**EXERCISE OBJECTIVE:**
For the data below, retype word for word the lines from the one containing "6月15日,在山東省淄博市農邦邦糧食烘干收儲服務有限公司的曬場上,工人晾曬糧食。新華社記者 陳灝 攝" through the one containing "Inscribed in ink"; drop the pictures.

★ ★ ★

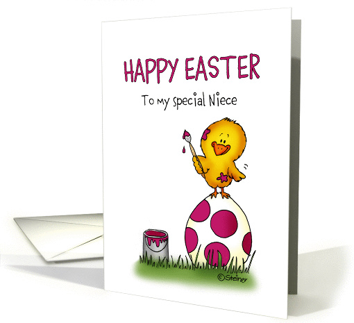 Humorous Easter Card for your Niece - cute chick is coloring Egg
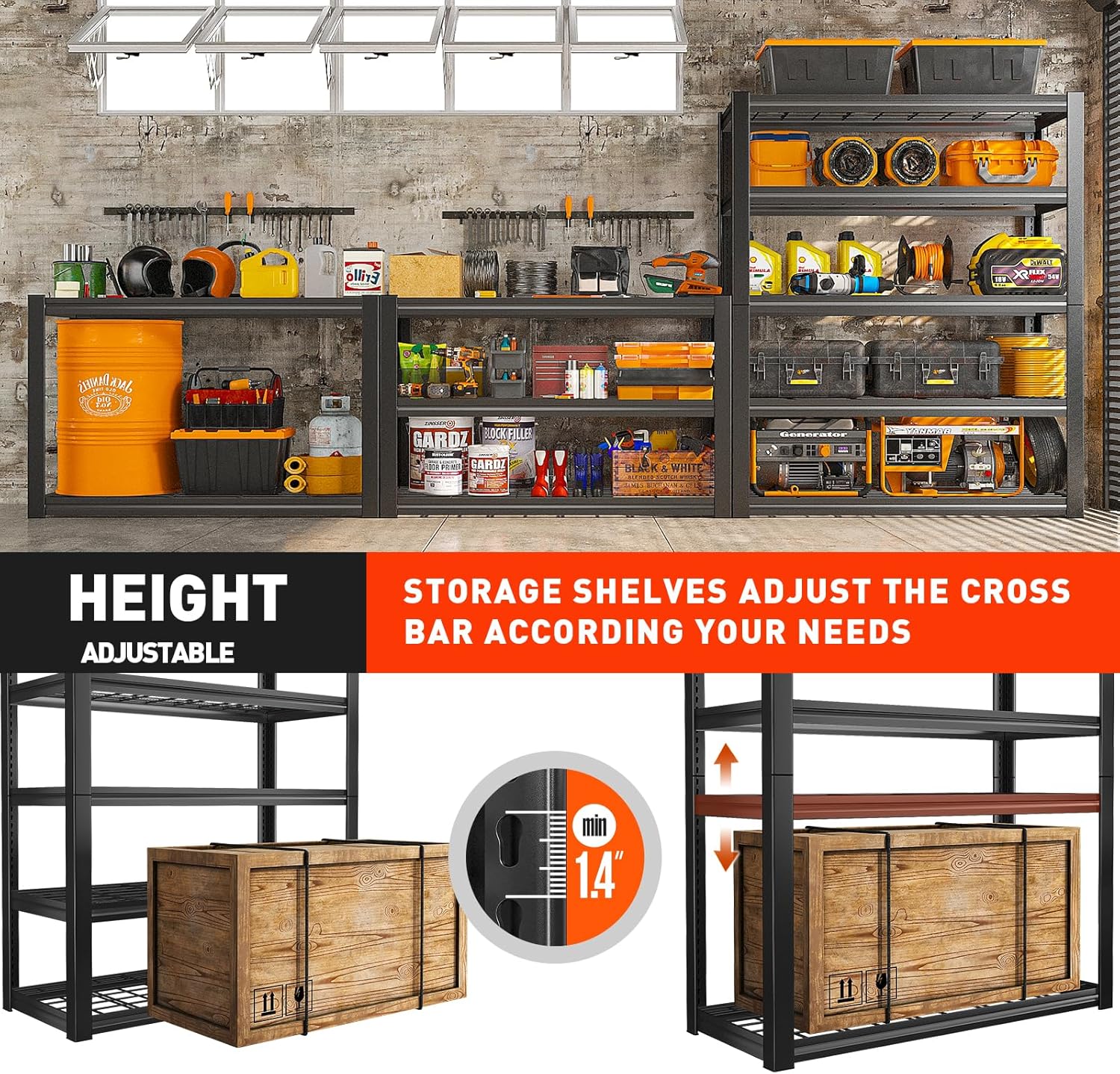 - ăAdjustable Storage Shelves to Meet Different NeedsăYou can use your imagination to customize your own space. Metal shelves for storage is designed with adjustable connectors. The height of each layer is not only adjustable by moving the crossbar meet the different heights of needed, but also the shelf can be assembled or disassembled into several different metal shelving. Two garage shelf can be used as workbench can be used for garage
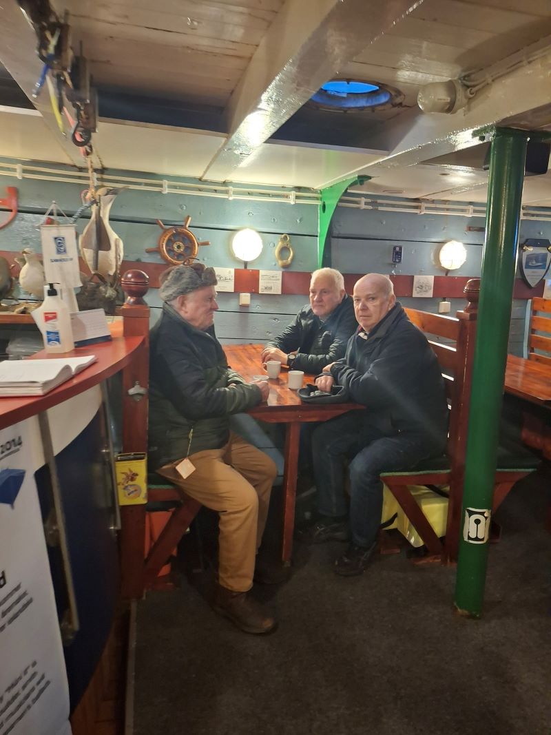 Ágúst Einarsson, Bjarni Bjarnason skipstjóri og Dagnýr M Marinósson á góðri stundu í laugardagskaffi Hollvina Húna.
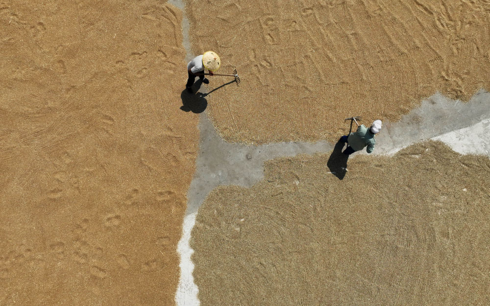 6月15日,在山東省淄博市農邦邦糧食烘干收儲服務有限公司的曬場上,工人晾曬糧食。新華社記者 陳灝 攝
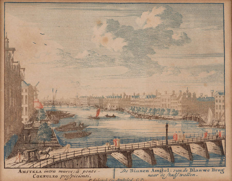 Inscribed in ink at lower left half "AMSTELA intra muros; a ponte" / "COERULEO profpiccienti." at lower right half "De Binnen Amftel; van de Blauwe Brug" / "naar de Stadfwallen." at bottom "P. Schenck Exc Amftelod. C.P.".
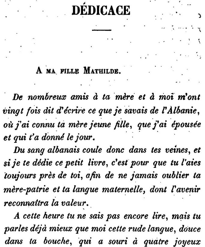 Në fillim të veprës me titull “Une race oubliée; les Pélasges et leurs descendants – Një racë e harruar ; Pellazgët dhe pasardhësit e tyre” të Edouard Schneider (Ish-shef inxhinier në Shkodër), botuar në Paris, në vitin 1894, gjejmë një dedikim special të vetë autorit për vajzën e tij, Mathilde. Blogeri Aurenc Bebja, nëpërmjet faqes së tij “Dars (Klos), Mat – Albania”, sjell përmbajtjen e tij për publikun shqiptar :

★ ★ ★

**PROBLEM SOLUTION:**
 6月15日,在山東省淄博市農邦邦糧食烘干收儲服務有限公司的曬場上,工人晾曬糧食。新華社記者 陳灝 攝
 Inscribed in ink at lower left half "AMSTELA intra muros; a ponte" / "COERULEO profpiccienti." at lower right half "De Binnen Amftel; van de Blauwe Brug" / "naar de Stadfwallen." at bottom "P. Schenck Exc Amftelod. C.P.".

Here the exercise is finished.